Environment and Setup Details
Model Name: DeepSeek-OCR.Q8_0.gguf
Vision Tower Path: mmproj.F16.nexa
Library: nexaai (version not specified, but latest available used for the attached code structure)
Plugin ID: cpu_gpu
The failure occurs specifically at the VLM.from_ call, which is where the main model file (.gguf) and the vision projection file (.nexa) are loaded.
Full Code
import os
import io
from nexaai.vlm import VLM
from nexaai.common import GenerationConfig, ModelConfig, MultiModalMessage, MultiModalMessageContent
def vlm_example():
"""VLM Inference example"""
print("=== VLM Inference Example ===")
# Model configuration
# Note: Paths are absolute for clarity
model_name = "D:/29.AURAV_DEV_GITHUB/deepseek-ocr-gguf/DeepSeek-OCR.Q8_0.gguf"
mmproj_path = "D:/29.AURAV_DEV_GITHUB/deepseek-ocr-gguf/mmproj.F16.nexa"
plugin_id = "cpu_gpu"
max_tokens = 100
system_message = "ocr the text from the image."

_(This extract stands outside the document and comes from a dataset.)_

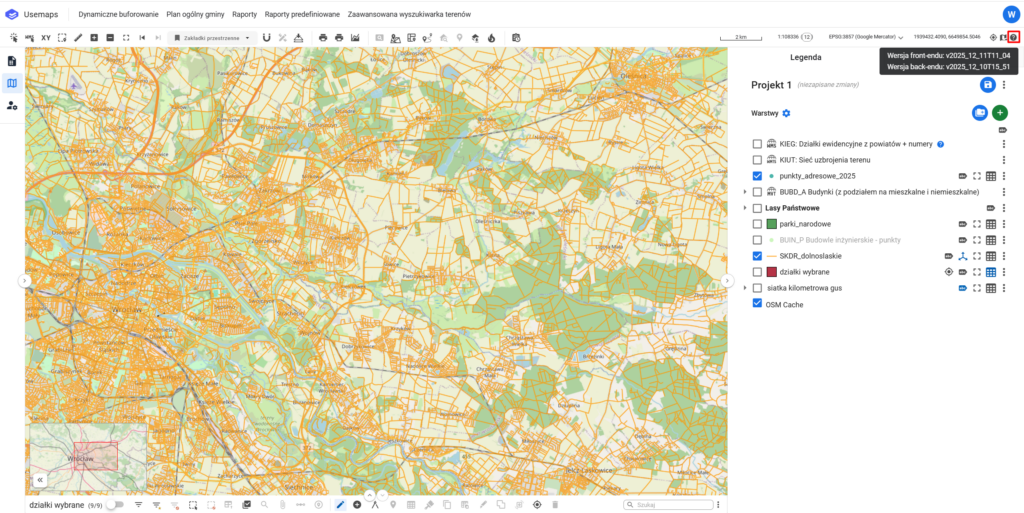 W celu sprawdzenia wersji Systemu należy najechać kursorem na znak zapytania w górnym prawym roku Panelu Mapowego.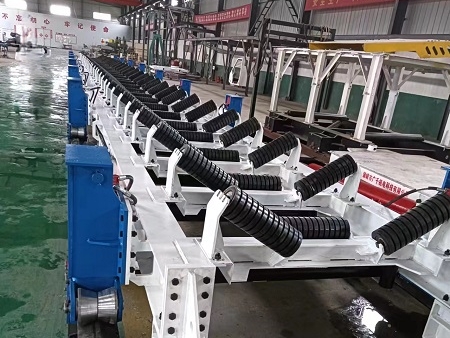 将支撑缸活塞杆推出,抬起转载机落地段;转载机在推移油缸和支架推移缸的作用下,以地面为支点,利用导轨和地面的摩擦力,使转载机沿着导轨前进一个行程。然后将支撑杆活塞杆收缩,转载机落回地面,同时导向轮架将导轨抬离地面,然后操作控制台使推移缸活塞杆收缩,导轨前进一个行程,这样往复循环,从而实现迈步自移。

image_path = 'D:/29.AURAV_DEV_GITHUB/deepseek-ocr-gguf/Screenshot_1.png' # Assuming this path is correct
print(f"Loading model: {model_name}")
print(f"Using plugin: {plugin_id}")
# Check for image existence (omitted check for brevity, as the failure happens before this)
if not (image_path and os.path.exists(image_path)):
print(f"\033[93mWARNING: The specified image_path ('{image_path}') does not exist or was not provided. Multimodal prompts will not include image input.\033[0m")
# The failure occurs here
m_cfg = ModelConfig()
vlm = VLM.from_(name_or_path=model_name, mmproj_path=mmproj_path, m_cfg=m_cfg, plugin_id=plugin_id)
# Rest of the inference code follows (omitted for troubleshooting scope)
# ...
# ...
vlm_example()
Full Error Log
(venv) PS D:\29.AURAV_DEV_GITHUB\deepseek-ocr-gguf> python run_deepseek_ocr.py
=== VLM Inference Example ===
Loading model: D:/29.AURAV_DEV_GITHUB/deepseek-ocr-gguf/DeepSeek-OCR.Q8_0.gguf
Using plugin: cpu_gpu
Traceback (most recent call last):
File "D:\29.AURAV_DEV_GITHUB\deepseek-ocr-gguf\run_deepseek_ocr.py", line 90, in
vlm_example()
File "D:\29.AURAV_DEV_GITHUB\deepseek-ocr-gguf\run_deepseek_ocr.py", line 32, in vlm_example
vlm = VLM.from_(name_or_path=model_name, mmproj_path=mmproj_path, m_cfg=m_cfg, plugin_id=plugin_id)
File "D:\29.AURAV_DEV_GITHUB\deepseek-ocr-gguf\venv\lib\site-packages\nexaai\utils\model_manager.py", line 1743, in wrapper
return func(*args, **kwargs)
File "D:\29.AURAV_DEV_GITHUB\deepseek-ocr-gguf\venv\lib\site-packages\nexaai\base.py", line 23, in from_
return cls._load_from(name_or_path, **kwargs)
File "D:\29.AURAV_DEV_GITHUB\deepseek-ocr-gguf\venv\lib\site-packages\nexaai\vlm.py", line 48, in _load_from
return PyBindVLMImpl._load_from(local_path, mmproj_path, model_name, m_cfg, plugin_id, device_id)
File "D:\29.AURAV_DEV_GITHUB\deepseek-ocr-gguf\venv\lib\site-packages\nexaai\vlm_impl\pybind_vlm_impl.py", line 80, in _load_from
handle = vlm_bind.create_vlm(
RuntimeError: Failed to create VLM, error message string: Model loading failed
Questions for the Community
Is the DeepSeek-OCR GGUF format (specifically for the multimodal elements) fully supported by the current VLM loader in the nexaai library?
Are there specific formatting or naming requirements for the mmproj.F16.nexa file that I might be missing, or is this error a generic failure during the vision tower's initialization?
Given that other LLMs and VLMs load successfully, what are the most common causes of Model loading failed when dealing with a specific VLM/MM-proj combination like DeepSeek-OCR?
Any guidance on troubleshooting the VLM loading stage would be greatly appreciated!